= Blue Heron Farm =

Estate in the USA

Blue Heron Farm is a 28 acre+ estate on Martha's Vineyard in Chilmark, Massachusetts, United States, that served as a summer vacation place – the "Summer White House" – to President Barack Obama and his family during his presidency in 2009, 2010, and 2011. Later, the property was owned by the British architect Norman Foster and his wife Elena Ochoa Foster.

==Description and ownership==
Much of the land of the estate including the main house from 1961 was acquired by M. Anthony Fisher for $1.3 million in 1991. Further property was added and existing structures were renovated and new ones added over time. The estate fronts Tisbury Great Pond with a private beach, has two full-sized homes, a barn brought in from Pennsylvania, a pool area, and a boathouse. There are gardens, a tennis court, a riding ring, bocce and basketball courts, and an apple orchard on the property.
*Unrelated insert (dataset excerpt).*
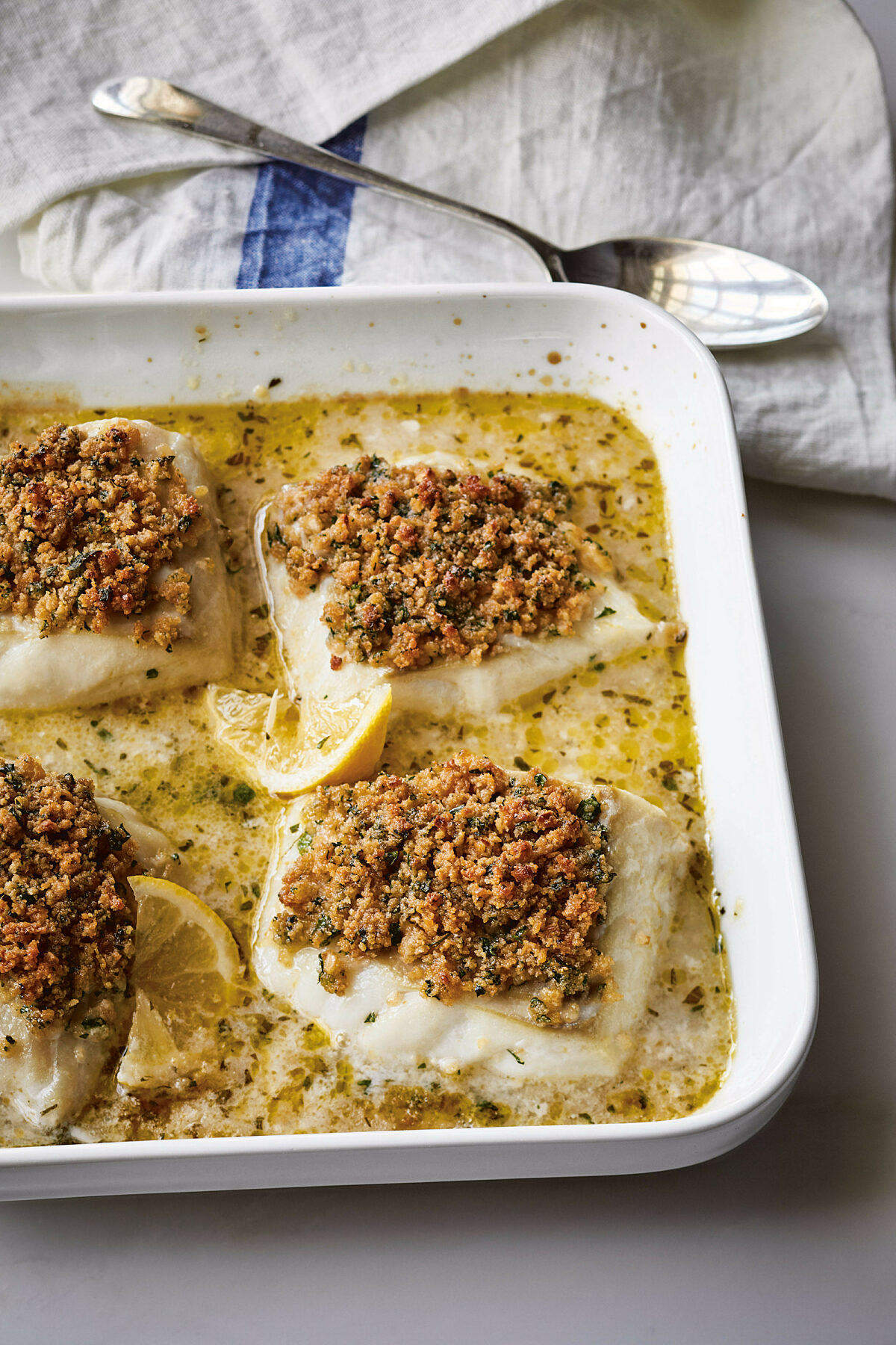 Flaky cod fillets are cooked in white wine and fresh lemon juice, then topped with crunchy crackers, parsley, panko crumbs, garlic, and lemon zest. I bet you never thought I’d be cooking with Ritz Crackers! (If you don’t love cod, you can substitute center-cut halibut!)

After the death of Fisher and his wife due to an airplane accident, the place was bought by William Van Devender for $20.35 million in 2005. In 2006 the 6967 sqft main house with its six bedrooms was renovated. The estate was sold to the Fosters in 2011 for $21.9 million. In 2018 it was reported to have been sold as a 9.5 acre property to a realty trust for $15 million.